Labelisasi Rumah Penerima Bansos di Kabupaten Solok Dilaksanakan

Labelisasi Rumah Penerima Bansos di Kabupaten Solok Dilaksanakan. (Foto Kominfo Kab Solok).
Labelisasi Rumah Penerima Bansos di Kabupaten Solok Dilaksanakan. (Foto Kominfo Kab Solok).

KAB SOLOK, Jurnalterkini.id – Pemerintah Kabupaten Solok terus menunjukkan komitmennya dalam mewujudkan transparansi dan ketepatan sasaran penyaluran bantuan sosial. Hal ini terwujud melalui kegiatan labelisasi rumah penerima bansos yang dilaksanakan di beberapa titik di Nagari Koto Baru, Kecamatan Kubung, Kamis (23/4/2026).

Kegiatan tersebut dihadiri langsung oleh Bupati Solok Dr.(HC) Jon Firman Pandu, SH, Ketua TP-PKK Kabupaten Solok Ny. Nia Jon Firman Pandu, S.Si, M.Si, Kepala Dinas Sosial beserta jajaran, Kepala BPS Kabupaten Solok Bambang Suryanggono, Camat Kubung Acil Fasra, serta unsur Forkopimcam setempat.

Bacaan Lainnya

Berdasarkan data yang disampaikan Dinas Sosial Kabupaten Solok, saat ini terdapat sebanyak 1.700 rumah penerima bansos di Kecamatan Kubung, dan 435 di antaranya berada di Nagari Koto Baru yang menjadi sasaran labelisasi. Langkah ini merupakan bagian dari upaya memastikan bantuan sosial tepat sasaran dan dapat dipertanggungjawabkan.

Sebelumnya, setelah dilakukan sosialisasi mengenai labelisasi, Dinas Sosial bersama BPS Kabupaten Solok juga telah merapikan data penerima bansos.
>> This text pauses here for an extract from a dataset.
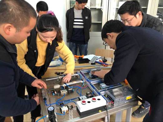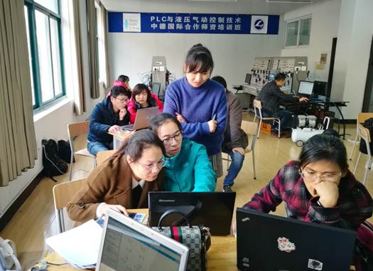培训期间,我校机电工程学院4名专业骨干教师担任了授课任务,这四名教师曾在第一期师训班中以优异成绩结业,她们借鉴德国先进的教学理念和教学方法,并从我国的实际教学需求出发,将德国教学模式应用到此次培训教学中。培训采用了项目式教学模式,理实一体,讲练结合。培训内容包括了气动技术原理和组成、气动控制回路设计和网孔板搭建多缸顺序动作等。参训教师们十分珍惜此次师训机会,明确任务,积极动手,合作交流,成效突出,课堂学习氛围十分浓厚。
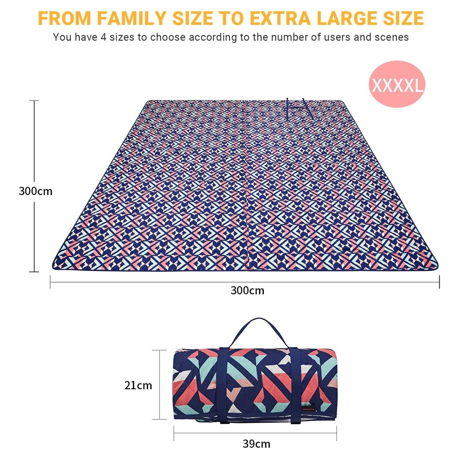 - XXXXL picnic blanket allows you to unwind and sit comfortably anywhere outdoors

Hasilnya, tercatat sekitar 1.000 keluarga secara sukarela mengundurkan diri sebagai penerima bantuan karena merasa tidak lagi memenuhi syarat dan tidak membutuhkan.

Atas capaian ini, Kabupaten Solok dinobatkan sebagai daerah dengan tingkat pengunduran diri penerima bansos tertinggi di tingkat nasional.

Dalam arahannya, Bupati Solok menyatakan bahwa kegiatan labelisasi ini merupakan bentuk transparansi pemerintah daerah dalam menyalurkan bantuan kepada masyarakat.

“Ini menjadi bukti nyata bahwa bantuan yang diberikan tepat sasaran dan dapat diketahui oleh seluruh warga,” ujarnya.

Ia juga berpesan kepada para koordinator penerima bansos agar senantiasa teliti dalam melakukan pendataan.

“Kami tentu ingin membantu seluruh masyarakat, namun mengingat keterbatasan yang ada, maka prioritas utama adalah warga yang benar-benar miskin dan kurang mampu,” tegas Bupati.

Dengan adanya labelisasi ini, diharapkan tidak hanya meningkatkan kepercayaan masyarakat terhadap pemerintah, tetapi juga memastikan bantuan sosial benar-benar diterima oleh mereka yang paling membutuhkan. (Dion).